WHAT THE TASK REQUIRES: All lines below starting at the one that holds "A normal RGB" and ending at the one that holds "Карта Бенгальского президентства" should be printed exactly, ends included. Pictures should not be printed, nor anything else.

INPUT DATA:
────────────────

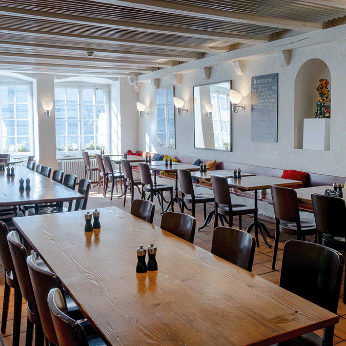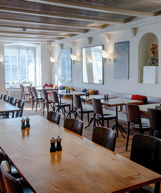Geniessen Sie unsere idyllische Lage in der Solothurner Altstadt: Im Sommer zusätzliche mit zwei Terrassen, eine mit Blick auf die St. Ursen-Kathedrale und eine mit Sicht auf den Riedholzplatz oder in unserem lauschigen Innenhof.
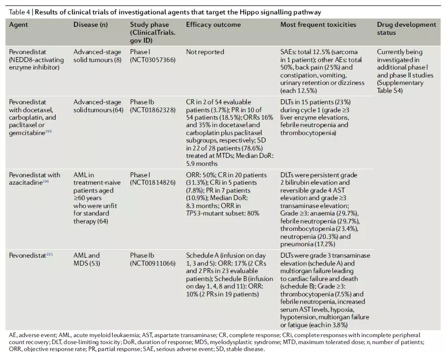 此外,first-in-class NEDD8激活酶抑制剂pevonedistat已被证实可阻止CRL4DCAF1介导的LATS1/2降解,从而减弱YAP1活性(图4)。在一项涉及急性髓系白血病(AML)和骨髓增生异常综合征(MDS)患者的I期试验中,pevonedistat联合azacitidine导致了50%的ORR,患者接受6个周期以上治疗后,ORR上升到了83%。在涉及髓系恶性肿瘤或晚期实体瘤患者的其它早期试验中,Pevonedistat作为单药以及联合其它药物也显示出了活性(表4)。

────────────────

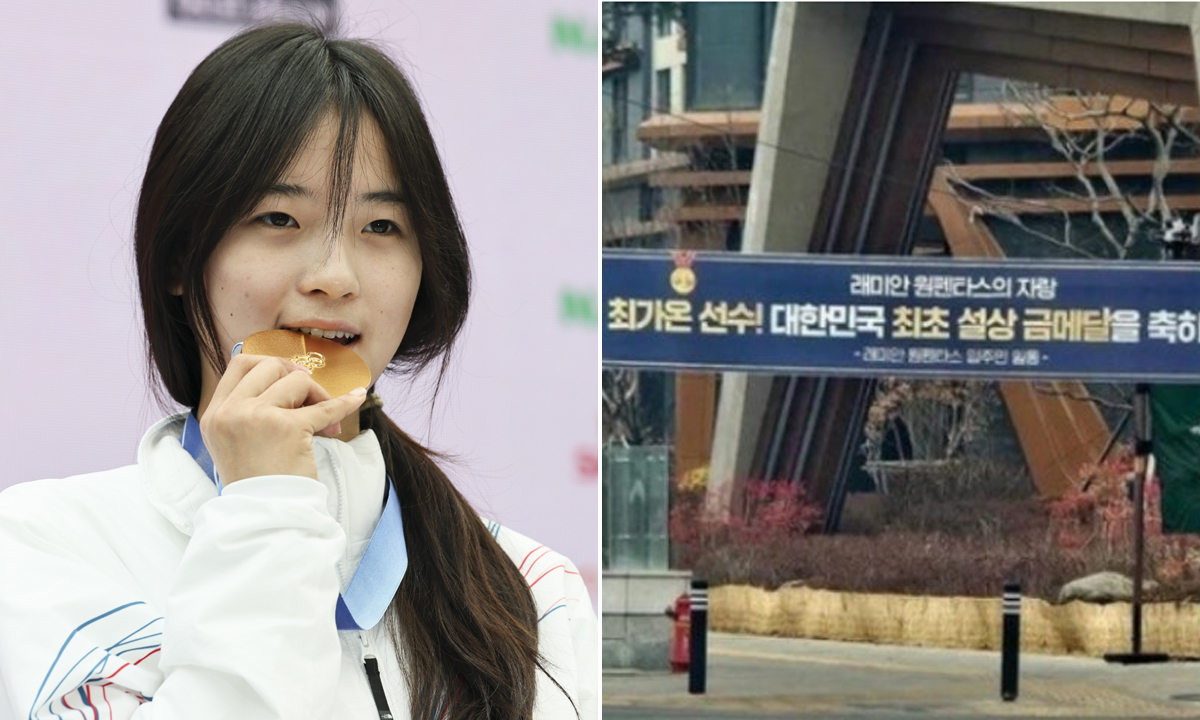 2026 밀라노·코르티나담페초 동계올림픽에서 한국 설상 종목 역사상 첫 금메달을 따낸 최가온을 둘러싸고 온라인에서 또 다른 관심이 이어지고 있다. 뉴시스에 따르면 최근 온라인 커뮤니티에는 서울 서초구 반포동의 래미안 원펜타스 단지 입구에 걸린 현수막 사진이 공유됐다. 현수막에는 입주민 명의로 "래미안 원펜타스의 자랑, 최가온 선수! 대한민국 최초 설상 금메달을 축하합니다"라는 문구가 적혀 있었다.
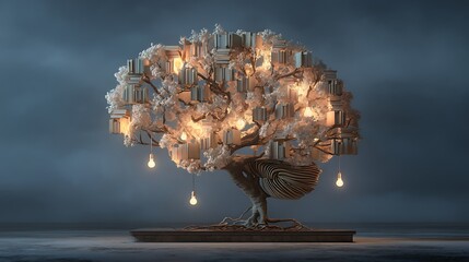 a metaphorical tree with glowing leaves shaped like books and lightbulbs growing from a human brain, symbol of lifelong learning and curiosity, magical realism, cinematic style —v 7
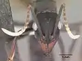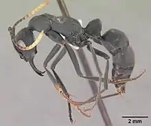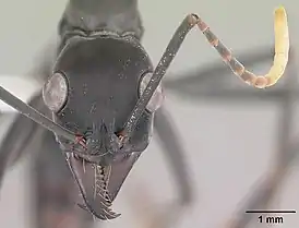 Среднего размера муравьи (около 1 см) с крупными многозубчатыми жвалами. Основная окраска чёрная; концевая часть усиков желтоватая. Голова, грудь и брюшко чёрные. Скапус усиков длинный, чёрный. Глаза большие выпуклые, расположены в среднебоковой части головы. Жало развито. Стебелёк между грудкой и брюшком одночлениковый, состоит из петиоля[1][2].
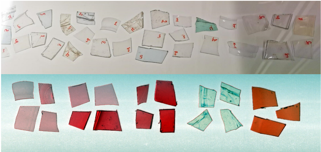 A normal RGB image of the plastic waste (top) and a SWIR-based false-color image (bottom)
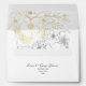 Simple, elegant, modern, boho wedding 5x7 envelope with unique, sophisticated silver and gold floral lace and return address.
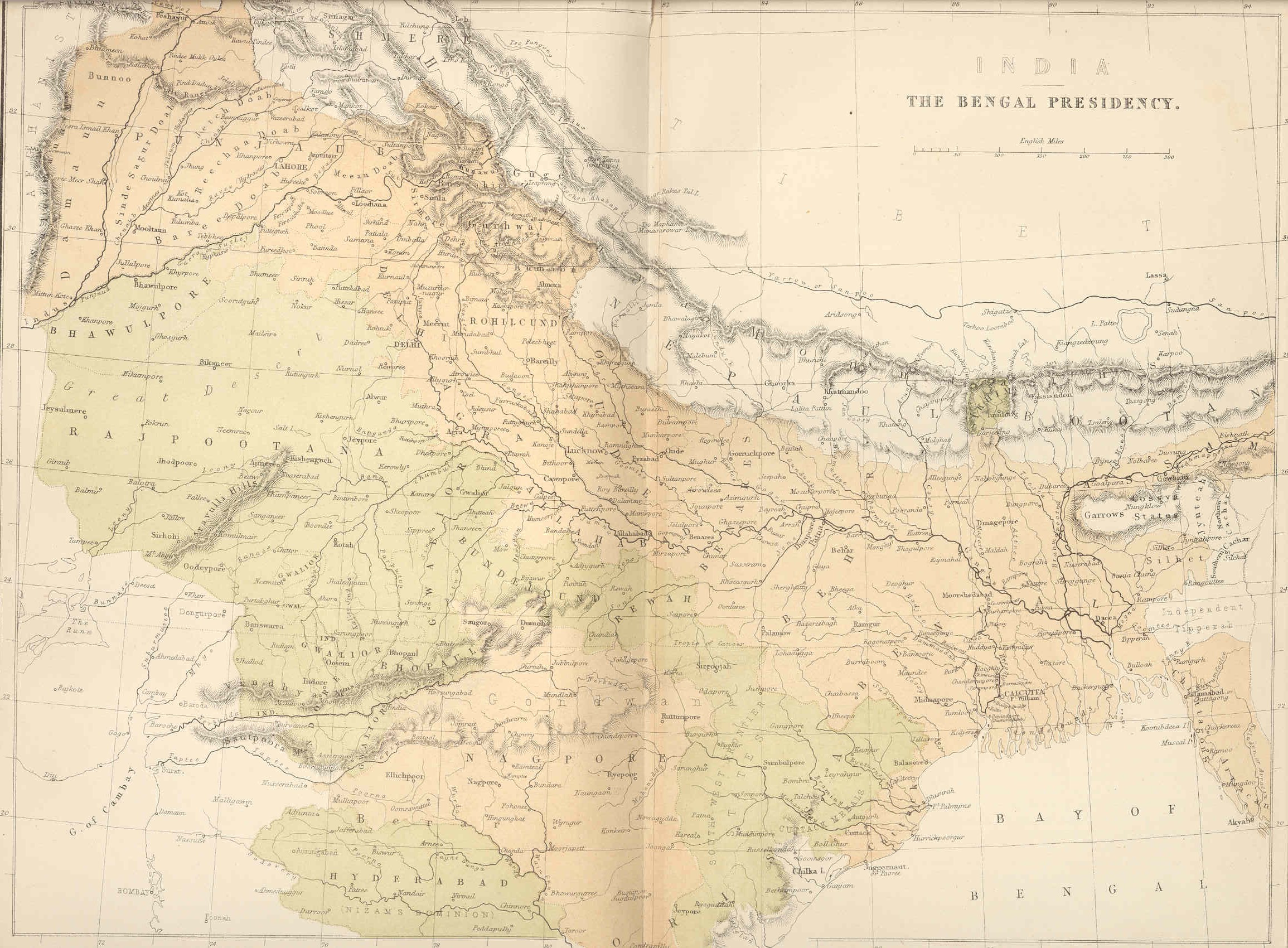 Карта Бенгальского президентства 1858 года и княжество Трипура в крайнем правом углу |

────────────────

EXPECTED OUTPUT:
 A normal RGB image of the plastic waste (top) and a SWIR-based false-color image (bottom)
 Simple, elegant, modern, boho wedding 5x7 envelope with unique, sophisticated silver and gold floral lace and return address.
 Карта Бенгальского президентства 1858 года и княжество Трипура в крайнем правом углу |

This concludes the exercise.